- Cover art of the version by Gigliola Cinquetti

Single by Gigliola Cinquetti and France Gall
- Language: Italian
- B-side: "Zero in amore" (Cinquetti); "Matrimonio d'amore" (Gall);
- Released: 1969
- Label: Compagnia Generale del Disco
- Songwriters: Gianni Argenio; Corrado Conti; Daniele Pace; Mario Panzeri;

Gigliola Cinquetti singles chronology
| "Quelli erano i giorni" (1968) | "La pioggia" (1969) | "Il treno dell'amore" (1969) |

France Gall singles chronology
| "Mon p'tit soldat" (1968) | "La pioggia" (1969) | "Baci, baci, baci" (1969) |

= La pioggia =

"La pioggia" is a song written by Italian songwriters Gianni Argenio, Corrado Conti, Daniele Pace and Mario Panzeri. It was originally performed by singers Gigliola Cinquetti and France Gall at the Sanremo Music Festival 1969, where it reached sixth place. Multiple versions of the song were released as singles, including a French-language adaptation by Jean-Michel Rivat and Frank Thomas, titled "L'Orage". Cinquetti's release of the original version peaked at number two on the Italian singles chart, and was later included on the 1969 album Il treno dell'amore.

== Release history ==
"La pioggia" was presented at the 1969 edition of the Sanremo Music Festival, one of Italy's most influential musical showcases. In accordance with the festival's tradition of the time, the song was performed in two separate renditions: one by Italian singer Gigliola Cinquetti, and another by French singer – and fellow Eurovision Song Contest winner – France Gall. The song achieved a sixth-place finish in the final, a result that nonetheless translated into strong commercial resonance beyond the festival stage. Cinquetti's version reached second place on the Italian hit parade and remained on the chart for eleven consecutive weeks, marking one of her most successful releases of the decade. Gall's version also entered the Italian charts, peaking at number twenty.
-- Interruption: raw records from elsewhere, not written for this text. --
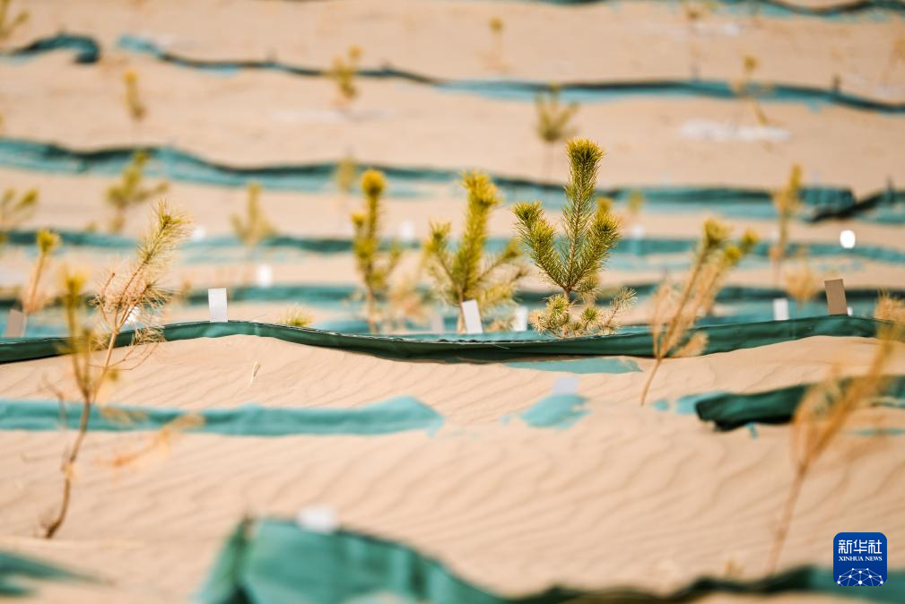 在通辽市科尔沁区大林镇拍摄的栽植在羽翼袋沙障内的樟子松(3月27日摄)。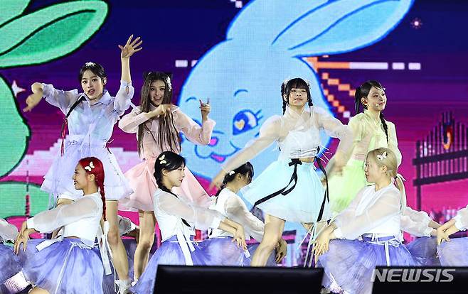 [서울=뉴시스] 김근수 기자 = 걸그룹 뉴진스가 21일 서울 종로구 경복궁에서 열린 ‘2024 국가유산 방문 캠페인 : ‘코리아 온 스테이지’ 무대에서 공연을 펼치고 있다. 2024.05.21. ks@newsis.com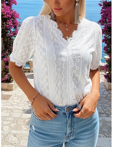 Damen Hemd Boho-Hemd Bluse Spitze Einfarbig Stilvoll Lässig Kurzarm V Ausschnitt Normale Oberteile Täglich Weiß Sommer Frühling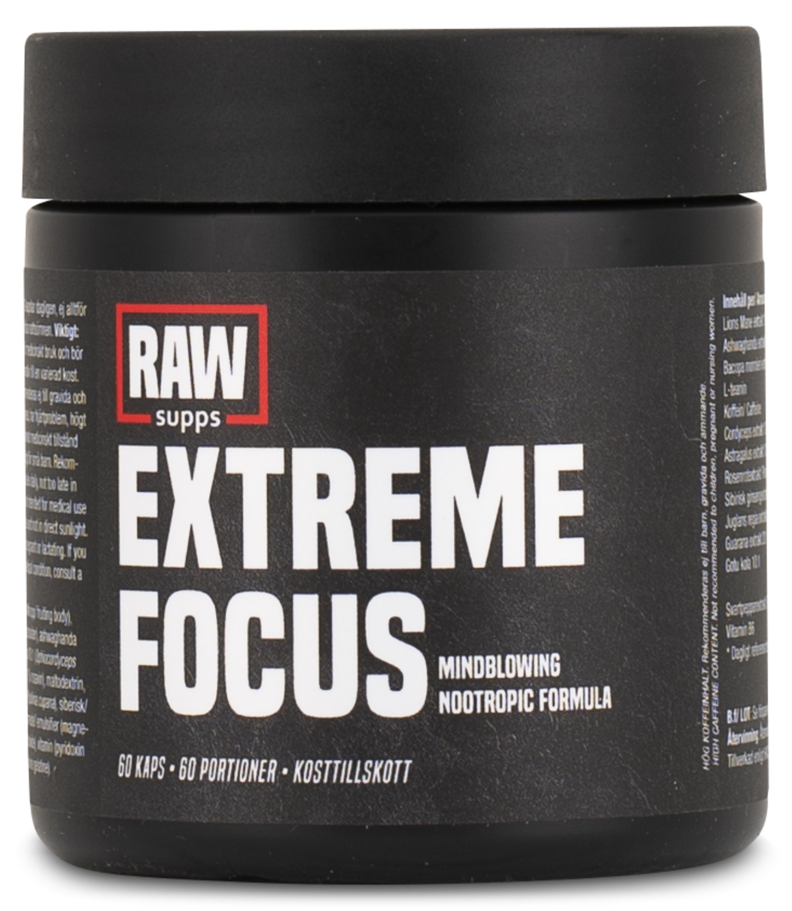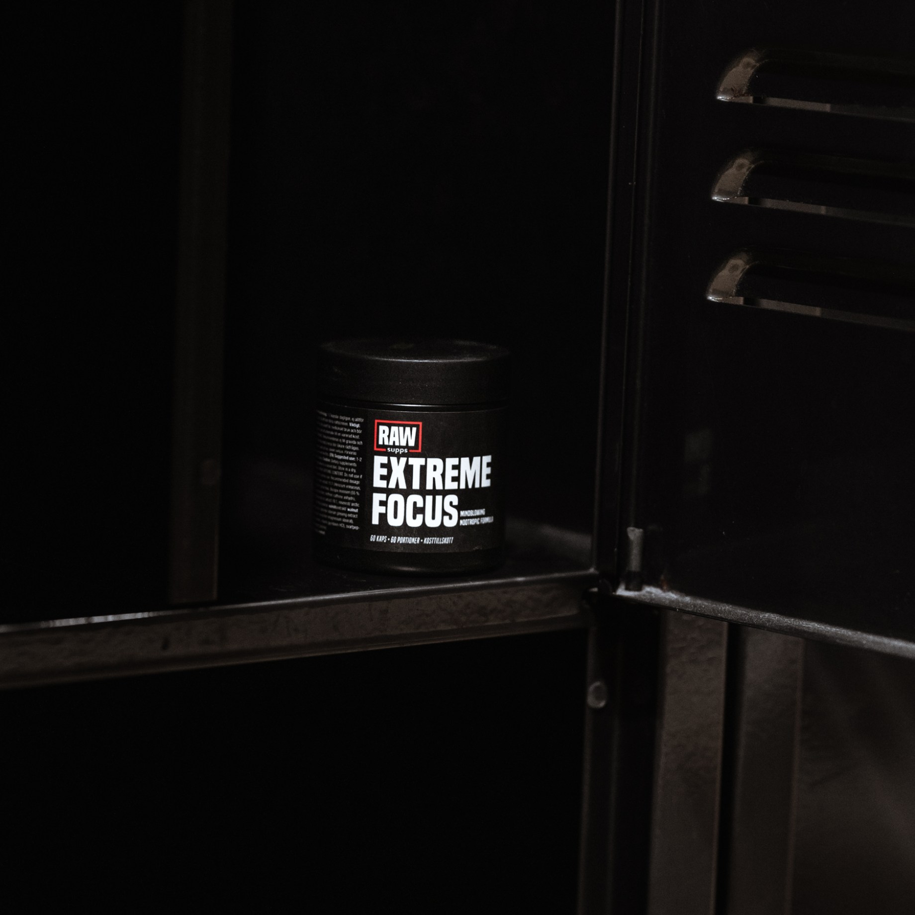RAW Extreme Focus on yhdistänyt aikamme puhutuimmat aineet valppauteen ja keskittymiseen: sekoitus kymmentä sieni- ja yrttiuutetta yhdessä kofeiinin, L-teaniinin, B6-vitamiinin ja piperinin kanssa. Kehitetty sinulle, joka haluat voittaa kaiken mahdollisen vastuksen salilla tai elämässä ylipäätänsä.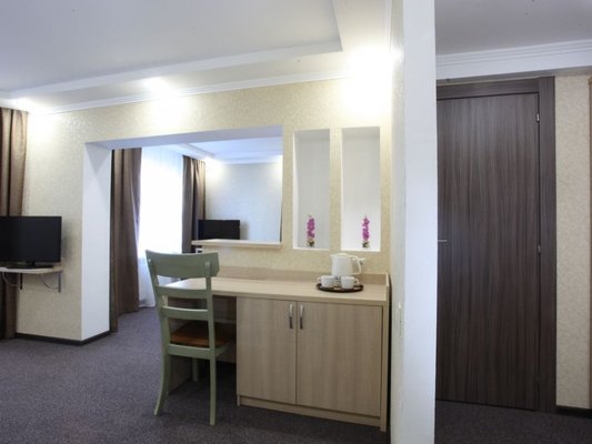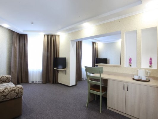 Все номера имеют современный классический дизайн и оборудованы удобной мебелью и техникой: телевизор, холодильник, телефон, кондиционер, фен. В номерах имеется сейф, постельное белье, полотенца, тапочки, ванная комната.

Besides their recordings of the Italian-language version, Cinquetti and Gall each released French and Spanish-language adaptations of the song: "L'Orage", with lyrics by Jean-Michel Rivat and Frank Thomas, and "La lluvia", with lyrics by Alfonso Alpin. Gall's rendition of "L'Orage" appeared on the extended play Homme tout petit (1969), and was later included on the compilation albums France Gall (1969) and Ses grands succès (1973). Cinquetti further expanded the song's international reach with the German version "Regen", written by Lilibert, and the Greek version "Ki' an vréchei" (Κι' αν βρέχει), written by Giorgos Papastefanou.

== Charts ==
=== Weekly charts ===

Versions by Gigliola Cinquetti
| Chart (1969) | Peak position |
|---|---|
| Belgium (Ultratop 50 Wallonia) | 7 |
| Italy (Singles Top 50) | 2 |

Versions by France Gall
| Chart (1969) | Peak position |
|---|---|
| Belgium (Ultratop 50 Flanders) | 17 |
| Belgium (Ultratop 50 Wallonia) | 3 |
| Italy (Singles Top 50) | 20 |

== Notable covers ==
- In 1976, a Japanese-language cover, titled "Ame" (雨), was released by Chieko Baisho.
- In 2025, a bilingual Italian and French remix was released by Italian DJ Get Far.